Еще юношей, восемнадцати лет, Капитон Иваныч был отвезен отцом в Петербург и отдан в морской корпус. Как и почему попал молодой Капитоша в моряки, он не знал. Он стал учиться прилежно и скоро был выпущен унтер-лейтенантом во флот. Сражаться молодому Капитону, конечно, ни разу не пришлось, и он вышел в отставку тотчас по получении известия об «вольностях дворянских», дарованных государем Петром III. Но плавания, путешествия, хотя не далее берегов Швеции, сделали из Воробушкина такого человека, про которого говорили теперь, что он многое знает, многое видал и очень занимательный собеседник. Действительно, когда Капитон Иваныч рассказывал соседям по вотчине о Финляндии, о разных городах, имена которых его слушатели не могли даже сразу выговорить, не только запомнить, то соседи слушали, разиня рты, а сам Воробушкин чувствовал невольно свое превосходство перед многими другими дворянами. Сызмала Капитон Иваныч был из того же сорта людей, к которому принадлежали теперь его любимцы Уля и Ивашка. Он больше любил смотреть на небо, на облака и звезды, чем на землю. Он любил гулять по лесу, но не ради хозяйских забот, а ради собирания грибов. Он любил ходить по хлеборобным нивам, но тоже только затем, чтобы, нарвав пучок васильков, принести их домой и поставить в воду.
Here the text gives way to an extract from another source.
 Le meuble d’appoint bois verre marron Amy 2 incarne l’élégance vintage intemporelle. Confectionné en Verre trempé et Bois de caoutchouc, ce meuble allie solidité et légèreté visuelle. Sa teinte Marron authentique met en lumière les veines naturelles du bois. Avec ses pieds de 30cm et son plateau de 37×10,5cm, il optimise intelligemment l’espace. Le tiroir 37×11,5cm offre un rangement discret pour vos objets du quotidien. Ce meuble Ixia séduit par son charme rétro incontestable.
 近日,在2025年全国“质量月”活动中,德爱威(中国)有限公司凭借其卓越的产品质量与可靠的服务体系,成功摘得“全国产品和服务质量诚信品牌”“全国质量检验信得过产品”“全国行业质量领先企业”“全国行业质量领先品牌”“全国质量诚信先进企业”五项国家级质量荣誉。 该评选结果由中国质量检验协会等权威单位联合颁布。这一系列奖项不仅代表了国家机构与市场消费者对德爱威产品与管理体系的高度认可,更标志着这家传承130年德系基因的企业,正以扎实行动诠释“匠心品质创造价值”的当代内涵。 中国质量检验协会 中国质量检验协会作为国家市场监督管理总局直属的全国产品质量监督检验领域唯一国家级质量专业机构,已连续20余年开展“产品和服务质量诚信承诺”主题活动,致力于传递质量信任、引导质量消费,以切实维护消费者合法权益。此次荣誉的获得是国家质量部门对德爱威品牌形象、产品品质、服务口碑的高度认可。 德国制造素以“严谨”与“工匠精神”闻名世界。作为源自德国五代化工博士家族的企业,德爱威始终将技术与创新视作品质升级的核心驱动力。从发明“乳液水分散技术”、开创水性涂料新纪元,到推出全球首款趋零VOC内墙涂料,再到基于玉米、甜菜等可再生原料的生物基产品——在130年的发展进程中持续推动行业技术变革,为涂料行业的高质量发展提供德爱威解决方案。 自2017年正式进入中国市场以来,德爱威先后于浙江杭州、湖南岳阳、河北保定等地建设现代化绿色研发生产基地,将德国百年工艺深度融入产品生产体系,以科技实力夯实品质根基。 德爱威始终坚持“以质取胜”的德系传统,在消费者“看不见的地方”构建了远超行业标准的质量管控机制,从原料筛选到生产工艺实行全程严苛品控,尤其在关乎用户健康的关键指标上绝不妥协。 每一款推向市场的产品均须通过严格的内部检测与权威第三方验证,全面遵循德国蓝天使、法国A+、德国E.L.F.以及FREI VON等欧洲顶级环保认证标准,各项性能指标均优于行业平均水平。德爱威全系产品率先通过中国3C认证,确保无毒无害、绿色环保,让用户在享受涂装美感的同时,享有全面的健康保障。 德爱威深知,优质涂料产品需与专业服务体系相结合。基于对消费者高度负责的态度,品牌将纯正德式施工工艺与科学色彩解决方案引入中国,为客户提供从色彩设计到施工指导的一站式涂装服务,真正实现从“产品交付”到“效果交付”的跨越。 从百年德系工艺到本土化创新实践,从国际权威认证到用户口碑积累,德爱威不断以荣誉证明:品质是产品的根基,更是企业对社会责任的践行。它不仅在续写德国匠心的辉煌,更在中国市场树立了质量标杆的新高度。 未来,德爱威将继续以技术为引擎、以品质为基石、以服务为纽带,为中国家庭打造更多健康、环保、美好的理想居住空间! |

В каком виде уродился его хлеб, он при этом не замечал и не любопытствовал даже заметить. Зимой, любя цветы, он заводил горшок с розаном, поливал его аккуратно и любил так же, как Уля, заведя зяблика или овсянку, ходить за ними, разговаривать с ними. Так же как Ивашка, любил он бывать в церкви, подтягивать на клиросе дьячку, ставить и поправлять свечки у образов, подавать кадило, носить образ или хоругвь в крестном ходу. И странное дело! Морская служба, дежурство на корабле в тихие, летние ночи, путешествия к чужим берегам, встреча с матросами и моряками разных стран света, выслушивания рассказов о дальних пределах, об Америке, Африке, Японии – все это еще более развило в Капитоне Иваныче и укрепило то неуловимое и неясное ему чувство, которое было теперь так чуждо его супруге. И немудрено, что, наследовав от брата вотчину, где оказалась Уля, он полюбил девочку тотчас за те наклонности, которые оказались в родной племяннице Уле, уродившейся действительно в него, в своего дядю. А Ивашка, – который не был ни ему, ни Уле родней, – по счастью, оказался тоже их поля ягодой.
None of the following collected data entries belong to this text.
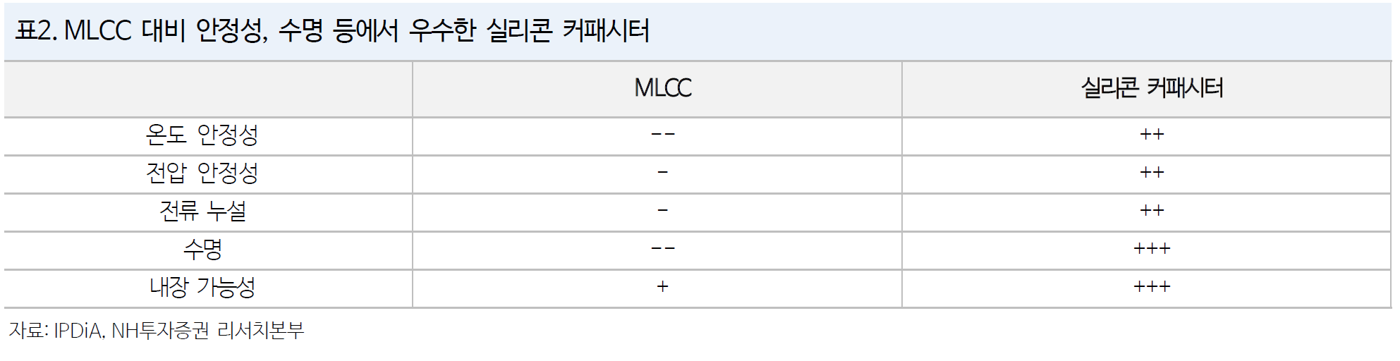 - 2024년 말부터 양산 예정인 실리콘 커패시터도 발열 감소, 전력 소비량을 크게 줄여줄 수 있는 핵심 수동부품으로 자리매김 전망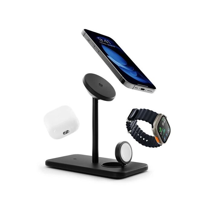 The HiRise Deluxe Magn. 3-in-1 Wireless Charging Stand from Twelve South offers wireless charging of up to 3 devices at the same time, combining performance, convenience, and design. The 3-in-1 charger has space for iPhone, Apple Watch, and AirPod cases, making it a versatile solution for all your charging needs.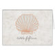 Perfect for a nautical themed wedding is this Rustic Seashell Wedding Table Number Card with an orange seashell on a light beige marble look background. This classic and simple beach wedding table card is easy to customise with your wedding details. Find more personalisation options by clicking Customise.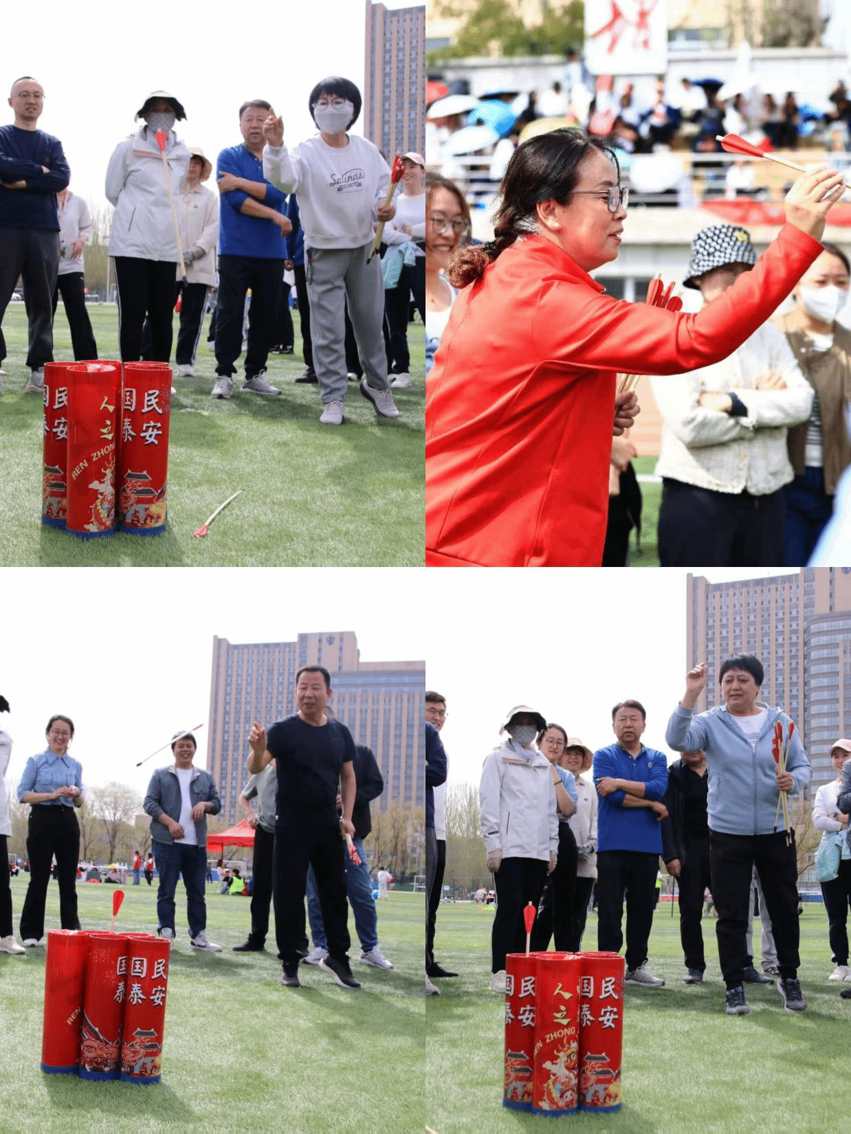 投壶雅戏发掘了投掷的无穷乐趣,大家沉浸在这场充满古韵与趣味的活动中。每位选手依次上场,每次投掷一支“箭矢”,共进行 10 轮投掷,大家轮流出手,毛笔“箭矢”在空中划出一道道优美的弧线,每一次投掷都凝聚着专注与期待。投壶雅戏在师生趣味运动会上不仅是一场充满趣味的竞技活动,更是一种文化传承与教育实践。它通过传统与现代的结合,让师生在轻松愉快的氛围中感受中华文化的魅力。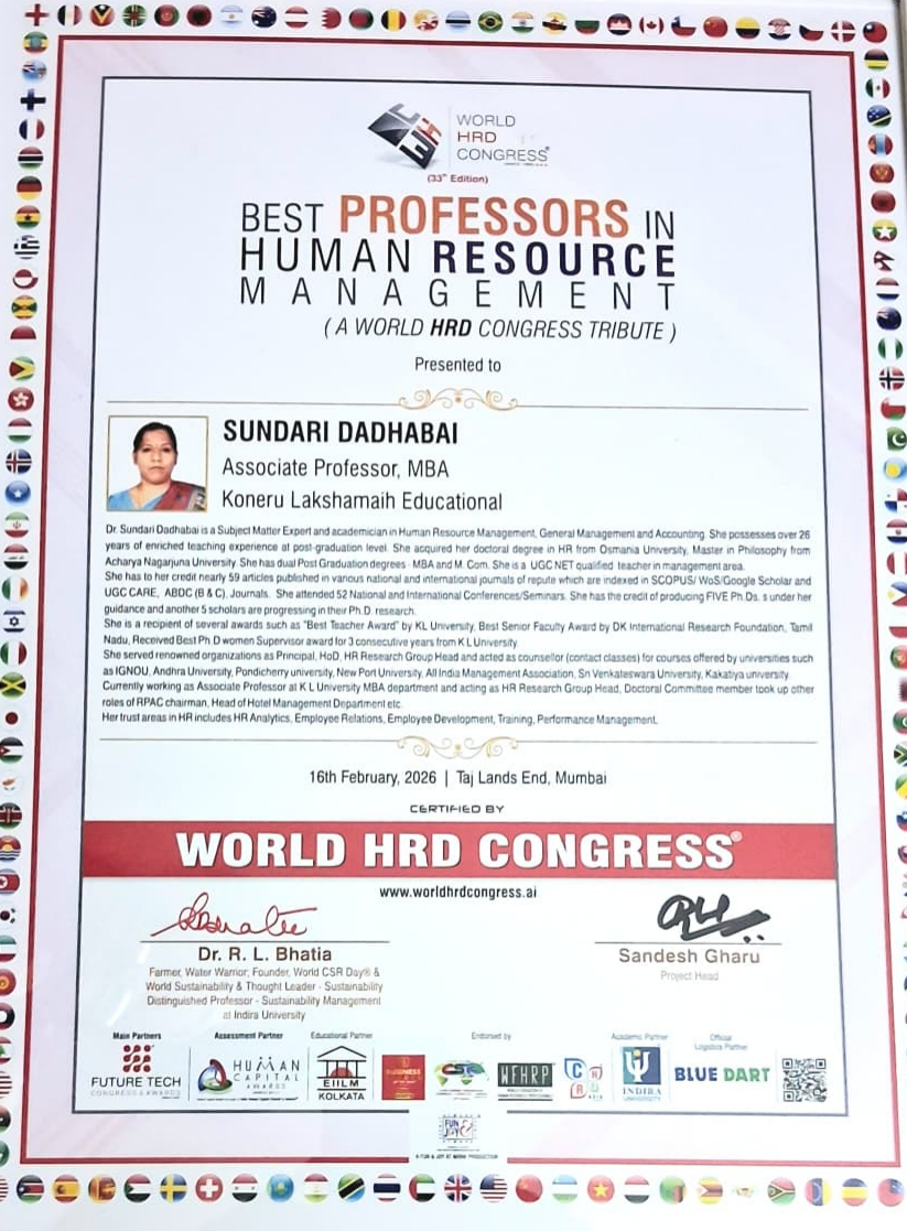 Dr Sundari Dadhabai received the Best Professor Award in Human Resource Management (A World HRD Congress Tribute) on 16th February 2026.

И первое время в вотчине покойного брата все трое зажили на славу. Ивашка любил песни и выдумывал свои собственные, пел их на свой самодельный лад. Уля не умела петь, но любила слушать песни. Капитон Иваныч проводил по два, по три часа, в особенности в сумерки, в саду, в том, что мурлыкал тоже какую-то странную песенку, которую он называл «шведским романцом».

По переезде в столицу на жительство Воробушкин зажил по-своему.

Капитон Иваныч знал всю Москву, и вся Москва знала Капитона Иваныча. Он очень любил знакомиться – привычка, оставшаяся еще от морской службы и путешествий. Он говорил, что всякий новый знакомый непременно расскажет что-нибудь новое. Действительно, у Капитона Иваныча, при его любознательности, была особенная способность из всякого выпытать все, что только возможно.

От самых именитых вельмож и до последнего дворника. Капитон Иваныч знал каждого в лицо, знал по имени, знал чуть не всю его подноготную. Когда он шел по Москве, то ежеминутно слышал около себя, направо и налево, привет и поклон, и всякий обращался к нему особенно любезно и ласково. Не было человека, которому бы Капитон Иваныч был не по сердцу. Добрая и честная душа его будто чуялась всяким в маленьких глазах его, в ясном лице, в улыбке, в голосе.

К довершению всего, Капитон Иваныч особенно любил услужить, одолжить, схлопотать всякому, елико возможно. Постепенно, незаметно для него самого, у Воробушкина явился такой громадный запас всяких знаний, что он иногда действительно удивлял некоторых знакомых. И эти знакомые, что бы у них ни случилось, всегда обращались к Воробушкину.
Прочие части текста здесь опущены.